Но порой пишущий в неуклюжей фразе нечаянно проговаривался об истинном значении пьесы и спектакля. Рассуждая о «серьезных ошибках» создателей «Списка», перечисляя их (сужение тематики, замыкание в мире настроений и колебаний узкого круга интеллигентских типов), рецензент неожиданно приходил к выводу, что «неправильная постановка вопроса об интеллигенции» связана с тем, что «автор, взяв исключительно нетипичный случай, не характерный для сегодняшнего дня, поднялся, как всякий большой художник, до широкого обобщения»[635].
Критикой прочитывались и оглашались публично самые корни умонастроений немалой части интеллигенции:
«Олеша завершает в социально-эпигонствующих, хоть и ярких по выразительности, формах исторический путь оскудевающего русского интеллигента посленароднического периода, — формулирует Эм. Бескин. — Самым характерным для этой интеллигенции была ее раздвоенность, гамлетизм. Проклятое „быть или не быть“, — куда, с кем. С одной стороны, традиционно-либеральный „бунт“ против древнерусской силы, гнетущей „свободу“ и „разум“, с другой — боязнь оскала классовых зубов пролетариата, всякий раз когда он выступал как историческая сила и ломал рационалистически-розовые схемы этой самой интеллигенции»[636].
«<…> Именно она, художественная интеллигенция, пришла в революцию опустошенной, беспринципной, вся во власти упадочных настроений, в мечтах о потустороннем „третьем царстве“, которым ее пичкали Мережковские[637] и Розановы[638]. „Гамлетствующий поросенок“ — это определение принадлежит „самому“ интеллигентскому вождю — Н. Михайловскому[639]. Что же иное, как не истерический визг мог услышать от этого интеллигента наш современник, пытающийся правдиво показать своего собрата? Поэтому, быть может, против воли автора, самое ценное в образе Гончаровой то, что он своей пустотой и никчемностью помогает окончательной ликвидации легенды о „соли земли“, какой якобы является интеллигенция»[640].
«Все это <…> чахлые последыши „мысли“, имевшей своими предками нигилистический реализм Писарева[641], народническую постепеновщину Лаврова[642], этический субъективизм Михайловского, дававшей перелом в болезненной надрывности Гаршина[643], стонах Надсона[644] и т. п»., — формулирует критик и заканчивает разбор спектакля указанием на «леонид-андреевщину» Олеши. — «Олеша поднимает флейту Леонида Андреева[645] и думает, что на ней еще можно сыграть. Увы, эта флейта пуста, как и пути рационалистической интеллигенции, не осознавшей до конца диалектики классовой борьбы и апеллирующей поверх нее к метафизическим абсолютам „культуры“ и „разума“, к нетленным мощам „вечного“ Гамлета»[646].

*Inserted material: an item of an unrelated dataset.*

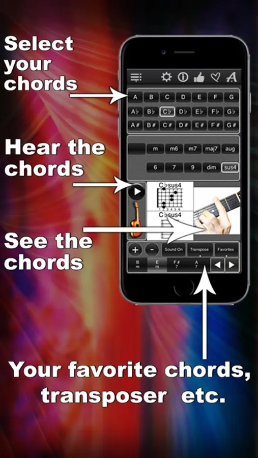 - see the chords in standard string representation, in TAB-representation, and as colored photos,
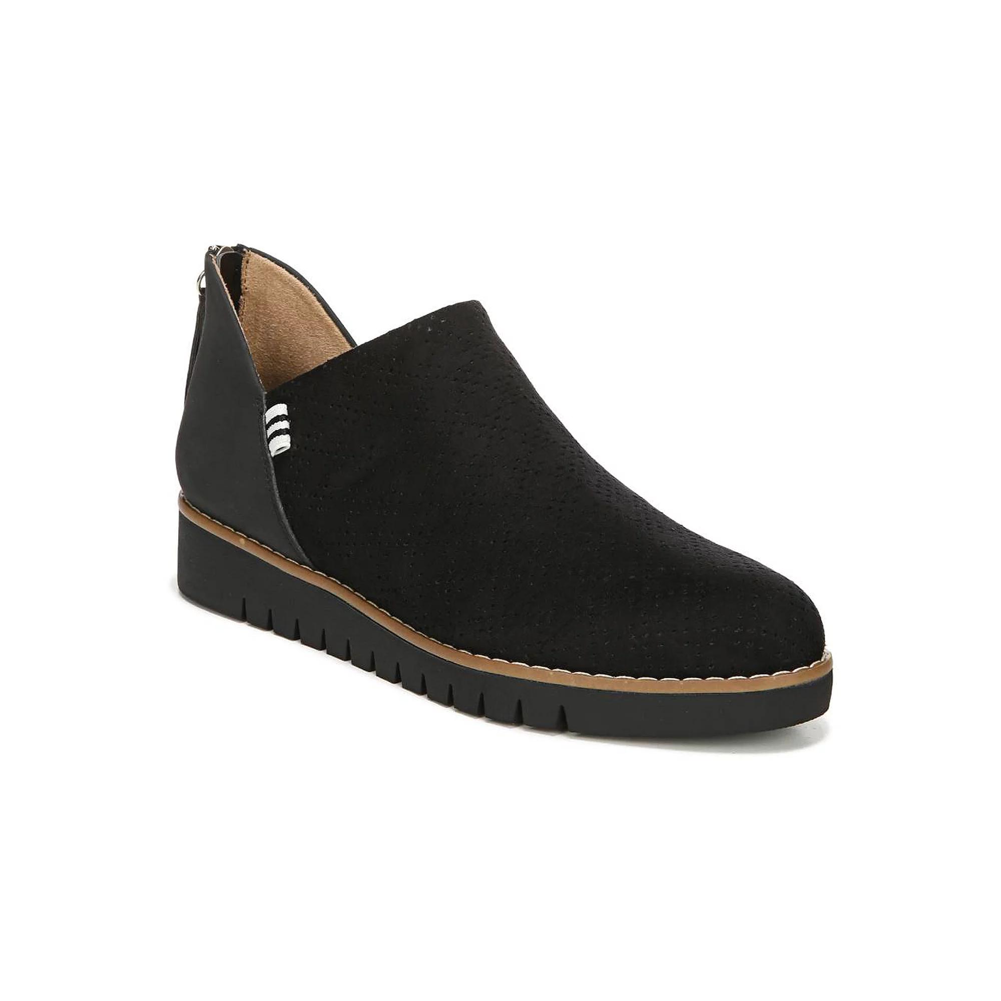 Unbelievably comfy, unbelievably stylish. You won't be able to get over these must-have Dr. Scholl's Insane flats! Click this FOOTWEAR GUIDE to find the perfect fit and more! - https://www.kohls.com/feature/shoesizeguide.jsp. SHOE FEATURES: Perforated detailing, Soft & sustainable linings made 80% from recycled bottles, Hidden gore for extra flexibility, Stitched welt design, Antimicrobial BE FREE® Energy Technology insole with 3 distinct zones designed for maximum comfort, Flexible, durable rubber-blend lug sole. SHOE CONSTRUCTION: Fabric upper, Fabric lining, Manmade outsole. SHOE DETAILS: Round toe, Zipper closure, 1 1/2-in. heel. The antimicrobial properties do not protect users or others against bacteria, viruses, germs, or other disease organisms. Size: 10. Color: Black. Gender: female. Age Group: adult. Material: SYNTHETIC.

Лексические оппозиции, работающие в статье, — рационализм и этический субъективизм — противопоставлены «диалектике» и «классовости». Отвергается и рефлексия, т. е. индивидуальный аналитический способ оценки реальности. Не менее симптоматично и то, что понятия «свобода», «разум», «мысль», «культура», «вечный» автор сопровождает кавычками, графически передавая как «чужое слово», т. е. дистанцируется от них, употребляя в ироническом смысле.
И совсем недвусмысленно: «Олеша не оклеветал интеллигенцию. <…> Но, сам того не ведая, он оклеветал советскую власть, оклеветал коммунистическую партию. <…> Олеша оклеветал, снизил, упростил самую коммунистическую идею. <…> На вопрос „Быть или не быть“ Олеша отвечает „не быть!“»[647].
То, что пытался скрыть, завуалировать режиссер, выпуская спектакль в ситуации устрожающегося политического контроля, критика обнажала, называя вещи своими именами.